I'd be interested to know what significant implications you perceive from this pattern. 
(Not that I necessarily disagree with you. I've just not really thought about it before and I'd rather not post opinions without at least _some_ forethought. :bigsmile:


----------



## WrittenFromUtopia (Feb 15, 2006)

Basically, the idea of the "age" and the "age to come", how that relates to the "night" and "day" theme.. the timing of the "day of the Lord" (past - a.d. 70 - or future?), etc...


----------



## crhoades (Feb 15, 2006)

Been reading James Jordan or Leithart again? 

Sorry, Gabe...had to. It was just sitting there. Back to intelligent, charitable, reformed discussion.

Incredible set of verses.


----------



## Dan.... (Feb 15, 2006)

*I'll not give an opinion pro or con of the book, but just an FYI*. It has been a few years since I read it, but A.W. Pink's _Gleanings in Genesis_ goes into detail on a symbolic interpretation of the creation week. He held that the creation week is a picture of salvation. He held a gap theory and that the creation week was actually a re-creation week. He taught that just as the earth was being transformed from darkness to light, from desolation to order, so also in salvation, God transforms man from spiritual darkness to spiritual light.


----------



## WrittenFromUtopia (Feb 15, 2006)

> _Originally posted by crhoades_
> Been reading James Jordan or Leithart again?
> 
> Sorry, Gabe...had to. It was just sitting there. Back to intelligent, charitable, reformed discussion.
> ...



No, I stay away from heretics.


----------



## crhoades (Feb 15, 2006)

> _Originally posted by WrittenFromUtopia_
> 
> 
> > _Originally posted by crhoades_
> ...



Serious face on...When interpreting scripture, what guides/controls our use of imagery and typological interpretations? We all grant that there are themes woven through the Bible such as light/darkness etc. How do we know that we can tie all of them together into a man-made theory of coherence vs. allowing the imagery to work within its context. The reason I threw the Jordan and Leithart joke in there was that they have been notorious for doing this very thing. Bahnsen used the words interpretive maximalism to paint Jordan and even Chilton's Days of Vengence. Should we not let Scripture determine the proper exegesis of typological verses and then stop? Looking for discussion regarding the use of typology and the verses above not wanting to get into FV stuff.
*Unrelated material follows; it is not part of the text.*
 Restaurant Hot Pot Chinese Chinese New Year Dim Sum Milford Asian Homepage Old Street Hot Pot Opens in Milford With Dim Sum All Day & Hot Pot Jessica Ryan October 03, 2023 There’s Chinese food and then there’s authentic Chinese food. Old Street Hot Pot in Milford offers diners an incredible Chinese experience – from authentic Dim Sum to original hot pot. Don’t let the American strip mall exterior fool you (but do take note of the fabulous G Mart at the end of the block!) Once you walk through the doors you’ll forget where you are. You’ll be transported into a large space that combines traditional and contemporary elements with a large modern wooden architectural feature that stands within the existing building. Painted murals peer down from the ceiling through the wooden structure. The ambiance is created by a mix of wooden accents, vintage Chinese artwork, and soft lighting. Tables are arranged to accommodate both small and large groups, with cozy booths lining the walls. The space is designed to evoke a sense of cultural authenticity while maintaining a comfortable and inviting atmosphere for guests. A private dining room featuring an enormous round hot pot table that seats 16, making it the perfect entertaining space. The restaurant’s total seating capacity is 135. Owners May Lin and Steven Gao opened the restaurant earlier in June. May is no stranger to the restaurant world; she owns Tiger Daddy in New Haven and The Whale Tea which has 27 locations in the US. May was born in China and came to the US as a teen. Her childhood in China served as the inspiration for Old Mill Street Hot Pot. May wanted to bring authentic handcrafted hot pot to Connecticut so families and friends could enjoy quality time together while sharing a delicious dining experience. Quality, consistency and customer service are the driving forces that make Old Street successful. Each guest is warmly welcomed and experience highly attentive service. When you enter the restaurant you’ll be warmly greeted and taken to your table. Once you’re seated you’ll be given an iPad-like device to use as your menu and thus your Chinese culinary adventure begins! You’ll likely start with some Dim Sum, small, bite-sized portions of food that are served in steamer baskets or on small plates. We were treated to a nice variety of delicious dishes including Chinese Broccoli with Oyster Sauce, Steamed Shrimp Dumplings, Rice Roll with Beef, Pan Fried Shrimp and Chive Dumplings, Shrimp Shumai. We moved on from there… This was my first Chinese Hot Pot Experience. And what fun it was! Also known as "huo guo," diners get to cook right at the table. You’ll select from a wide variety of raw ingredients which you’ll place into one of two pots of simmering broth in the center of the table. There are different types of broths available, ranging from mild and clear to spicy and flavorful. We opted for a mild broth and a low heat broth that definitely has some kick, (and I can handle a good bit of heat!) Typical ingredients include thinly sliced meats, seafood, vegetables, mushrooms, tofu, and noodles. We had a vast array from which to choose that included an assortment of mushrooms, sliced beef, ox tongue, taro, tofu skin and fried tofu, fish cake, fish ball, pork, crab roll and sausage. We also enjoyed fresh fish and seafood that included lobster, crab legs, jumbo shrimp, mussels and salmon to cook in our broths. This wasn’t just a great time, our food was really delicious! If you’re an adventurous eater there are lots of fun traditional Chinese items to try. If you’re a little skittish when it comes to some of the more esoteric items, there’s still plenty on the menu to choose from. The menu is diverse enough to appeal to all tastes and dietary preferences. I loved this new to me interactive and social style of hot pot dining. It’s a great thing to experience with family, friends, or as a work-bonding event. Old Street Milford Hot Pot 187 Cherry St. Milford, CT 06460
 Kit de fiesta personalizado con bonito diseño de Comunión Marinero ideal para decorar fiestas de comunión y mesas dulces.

[Edited on 2-15-2006 by crhoades]


----------



## WrittenFromUtopia (Feb 15, 2006)

That's why I posted the thread. I'm not making any claims at all. I'm not forcing Scripture into any preconceived notion of poetry, literature, or any other systematic structure.


----------



## crhoades (Feb 15, 2006)

> _Originally posted by WrittenFromUtopia_
> That's why I posted the thread. I'm not making any claims at all. I'm not forcing Scripture into any preconceived notion of poetry, literature, or any other systematic structure.



Not even eschatology?

One more passage to add to the list especially hitting on the eschatalogical implications:

Rev.21
22And I saw no temple in the city, for its temple is the Lord God the Almighty and the Lamb. 23And the city has no need of sun or moon to shine on it, for the glory of God gives it *light*, and its lamp is the Lamb. 24By its *light* will the nations walk, and the kings of the earth will bring their glory into it, 25and its gates will never be shut by day--and there will be no night there. 26They will bring into it the glory and the honor of the nations. 27But nothing unclean will ever enter it, nor anyone who does what is detestable or false, but only those who are written in the Lamb's book of life. 

Rev. 22
5And night will be no more. They will need no light of lamp or sun, for the Lord God will be their light, and they will reign forever and ever. 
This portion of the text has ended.